Since the present invention is configured as described above, the reliability of data does not deteriorate due to a scratch at the time of cutting an optical fiber, and an error in the observation magnification of a monitor TV does not occur due to a so-called tilt angle. .

Therefore, by using the optical fiber outer diameter measuring method according to the present invention, the outer diameter of the optical fiber can be measured with high accuracy and reliability.

In addition, the brightness distribution observation position of the monitor TV is, for example, B-
By shifting from B ′ to CC ′ or moving the optical fiber 3 in the optical axis direction, the outer diameter of other portions can be easily measured.

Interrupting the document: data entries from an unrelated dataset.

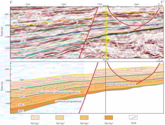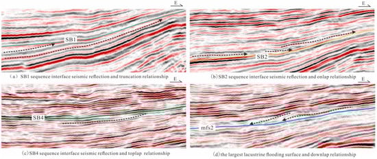 The second-order sequence boundaries are often related to the regional tectonic movements [46,47,48]. SB1 is a regional angular unconformity, formed by the Dongying movement in the Bohai Bay Basin, which is also a boundary between the Paleogene and Neogene. It is obvious to see the onlap reflection above the boundary and the termination type of truncated seismic reflection below the boundary (Figure 4a). The difference between the lithology and log characteristics is great across the unconformity surface. Above the boundary, glutenite deposits are developed; thus, the gamma-ray (GR) log curve is micro-toothed, box-shaped and funnel-shaped, while below the boundary, the volcanic rocks of the Dongying Formation are generally developed, with the GR log curve being low-amplitude straight-toothed (Figure 3). SB5 is the boundary between the Guantao Formation and Minghuazhen Formation, formed by the Neotectonic movement. There is no obvious sedimentary discontinuity, and only the local truncation reflection characteristics can be seen. Above the boundary, the seismic reflection continuity at the bottom of the Minghuazhen Formation is poor, and the amplitude changes greatly, while the seismic reflection continuity at the top of the Guantao Formation below the boundary is good and the amplitude is strong (Figure 2). SB5 is also a lithologic abrupt-change surface, with a large set of gray gravel sandstone and sandstone deposits above the boundary, and the GR shows a low value. Below the boundary, fine sandstone and mudstone, with fine lithologic grain size, are interbedded, and the content of sandstone gradually increases upward, with the GR at a high value (Figure 3).
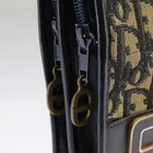 Christian Dior Trotter Canvas Shoulder Bag in Beige Brown Gold Auth 98330
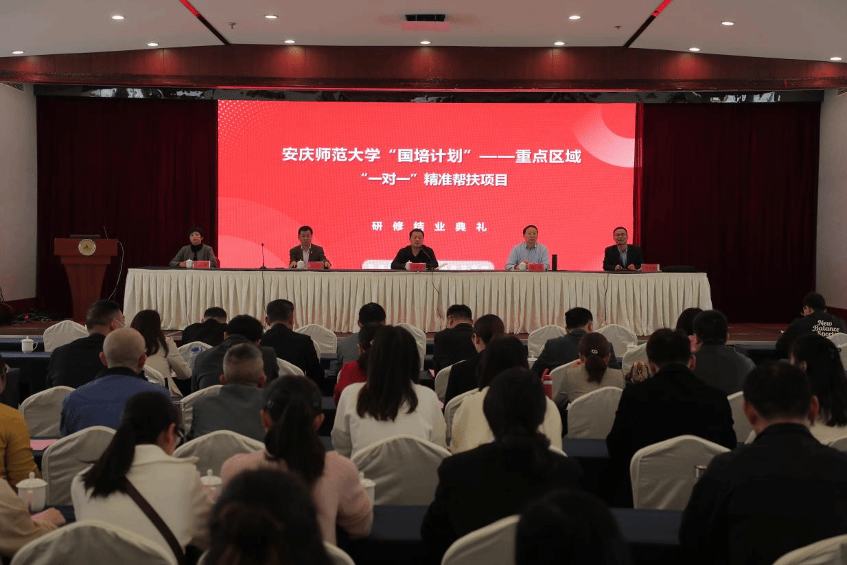 4月21日上午,“国培计划”——重点区域“一对一”精准帮扶项目研修结业典礼在安庆市皖源国际大酒店举行。教师教育学院副院长王皓宇以及参加会议的专家名师、参训区县教师培训负责人及参训学员150余人参会。会议由项目负责人李义胜教授主持。
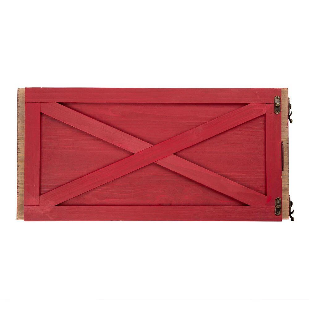 Our handcrafted tree box collars add a rustic, elegant charm to any home or business. The tree boxes not only add beauty and hide the undesirable parts of your tree, but they also prevent kids and pets from getting into the bottom side of your tree. They are stained in red finish. There are 4 panels and each panel has a locking bracket on them.
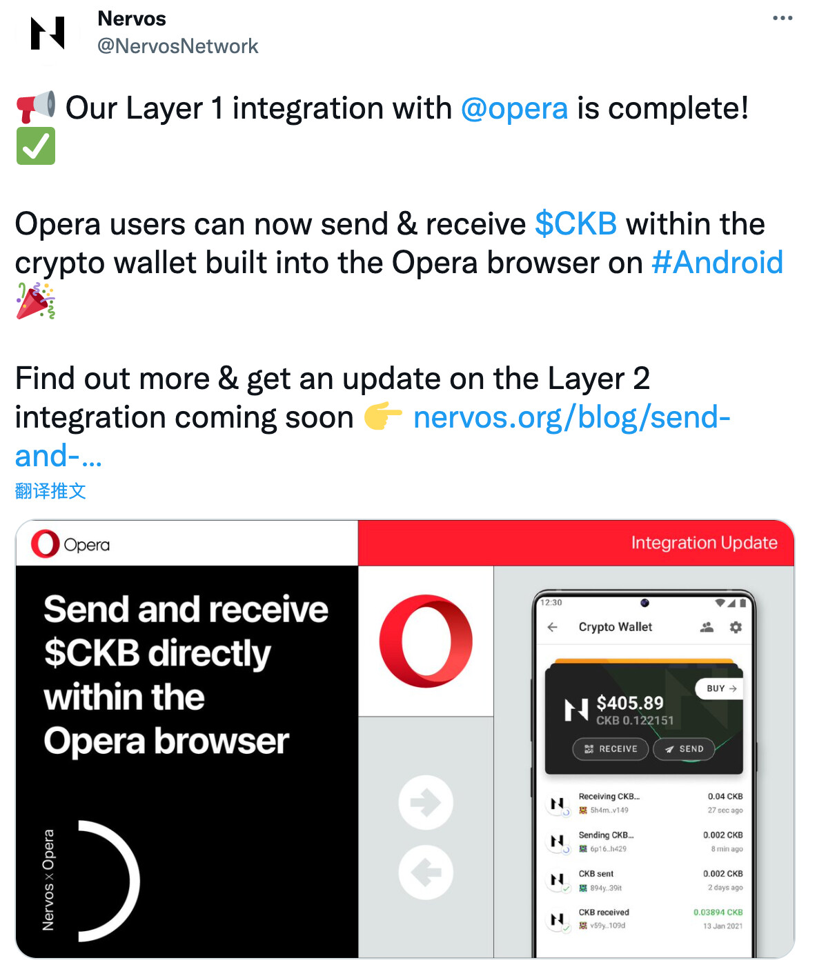 上周,Opera 与 Nervos 共同宣布了 Opera 完成了对 Nervos 网络 Layer 1的集成,也即 CKB 层的集成。Opera 用户可以在浏览器钱包里收发 CKB。同时,对于二层的集成也正在展开。
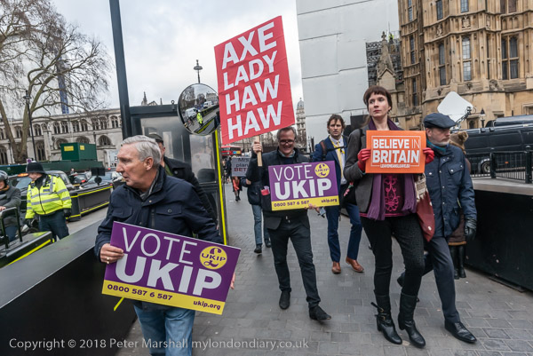 UKIP supporters with the message 'Axe Lady Haw Haw'

[Brief description of drawings]

FIG. 1 is a process diagram showing steps of an outer diameter measuring method according to the present invention, FIG. 2 is a view showing an optical fiber outer diameter measuring device to which the present invention is applied, and FIG. 3 is a measuring device of FIG. 4 is a diagram showing a diffraction image of an optical fiber in FIG. 4, FIG. 4 is a comparison diagram of measurement data, FIG. 5 is a diagram showing an embodiment of an optical fiber outer diameter measuring device to which the present invention is applied, and FIG. FIG. 7 is a view for explaining the outer diameter measuring method of FIG. 7, and FIG. 7 is a view showing a light intensity distribution (near field pattern) on the emitting end face of the optical fiber in the measuring apparatus of FIG. 1 ... Light source, 2 ... Lens, 3 ... Optical fiber, 4 ...
Image pickup tube, 5 ... Monitor TV, 6 ... Monochromatic light source, 7 ... Cylindrical lens, 8 ... Objective lens, 9 ... Half mirror, 10 ... Light source.

Claims (2)

(57) [Claims] 1. A method for measuring an outer diameter of an optical fiber by irradiating an optical fiber with light to optically measure the outer diameter of the optical fiber, wherein a light flux of monochromatic light is collimated, and the optical fiber is orthogonal to an optical axis of the optical fiber. A parallel monochromatic light irradiation step of irradiating the side surface of the optical fiber; and an imaging step of enlarging and projecting a light intensity distribution generated in the space near the optical fiber by the irradiation of the monochromatic light onto an image sensor, The brightness distribution is observed by scanning the image, and the outer diameter of the optical fiber is calculated by measuring the position of the Fresnel diffraction fringes appearing at the position corresponding to the outer edge of the optical fiber. Outer diameter measuring method. 2. In the step of irradiating parallel monochromatic light, a light flux of monochromatic light is condensed only in a direction parallel to the optical axis of the optical fiber, and is directed from a direction orthogonal to the optical axis of the optical fiber to the side surface of the optical fiber. Irradiation is performed, The outer diameter measuring method of the optical fiber of Claim 1 characterized by the above-mentioned.